Background: Health and Demographic Surveillance Systems (HDSS) have been instrumental in advancing population and health research in low- and middle- income countries where vital registration systems are often weak. However, the utility of HDSS would be enhanced if their databases could be linked with those of local health facilities. We assess the feasibility of record linkage in rural South Africa using data from the Agincourt HDSS and a local health facility.
Methods: Using a gold standard dataset of 623 record pairs matched by means of fingerprints, we evaluate twenty record linkage scenarios (involving different identifiers, string comparison techniques and with and without clerical review) based on the Fellegi-Sunter probabilistic record linkage model. Matching rates and quality are measured by their sensitivity and positive predictive value (PPV). Background characteristics of matched and unmatched cases are compared to assess systematic bias in the resulting record-linked dataset.
Results: A hybrid approach of deterministic followed by probabilistic record linkage, and scenarios that use an extended set of identifiers including another household member's first name yield the best results. The best fully automated record linkage scenario has a sensitivity of 83.6% and PPV of 95.1%. The sensitivity and PPV increase to 84.3% and 96.9%, respectively, when clerical review is undertaken on 10% of the record pairs. The likelihood of being linked is significantly lower for females, non-South Africans and the elderly.

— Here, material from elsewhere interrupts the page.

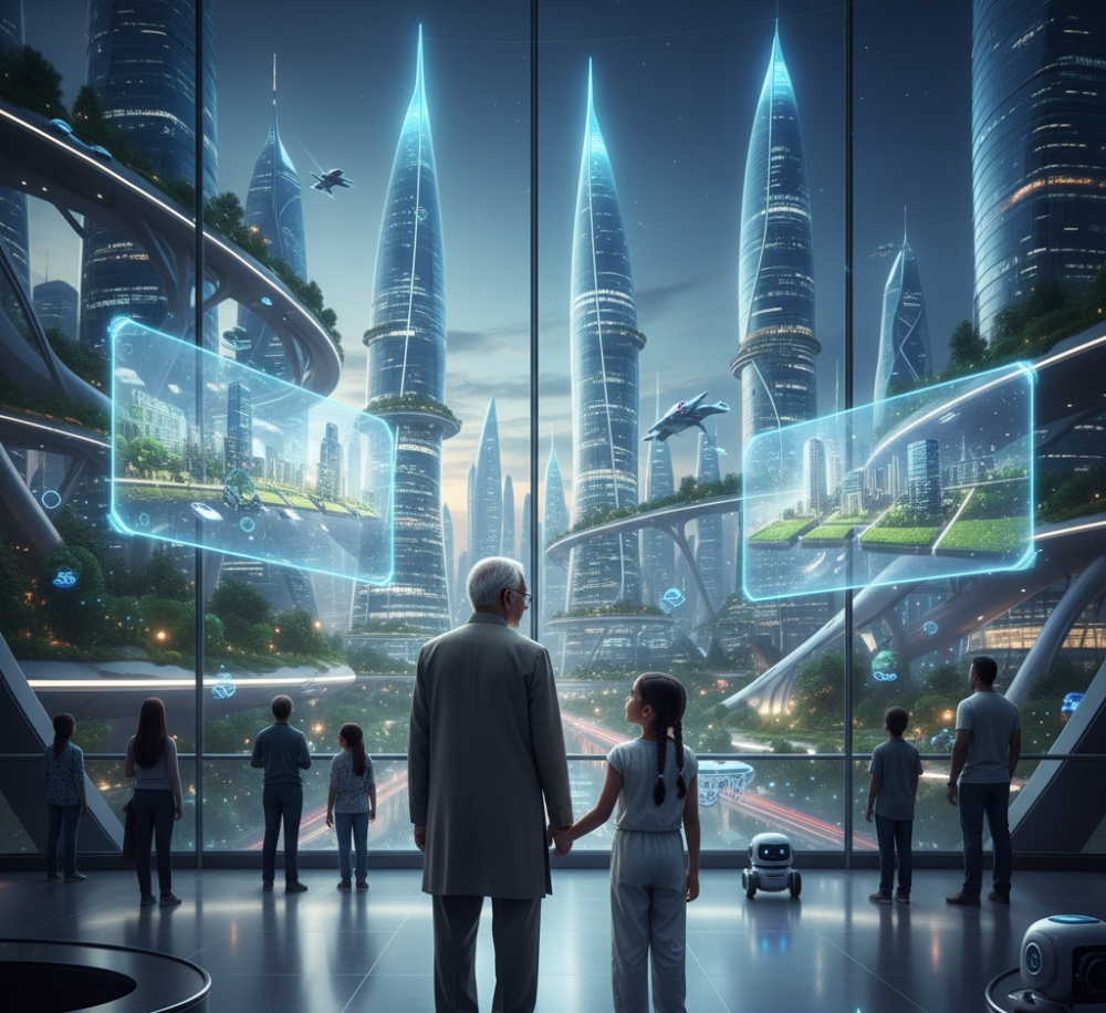 Maya clutched her grandfather’s hand as they approached the Museum of the Future, its sleek,

Conclusion: Using records matched by means of fingerprints as the gold standard, we have demonstrated the feasibility of fully automated probabilistic record linkage using identifiers that are routinely collected in health facilities in South Africa. Our study also shows that matching statistics can be improved if other identifiers (e.g., another household member's first name) are added to the set of matching variables, and, to a lesser extent, with clerical review. Matching success is, however, correlated with background characteristics that are indicative of the instability of personal attributes over time (e.g., surname in the case of women) or with misreporting (e.g., age).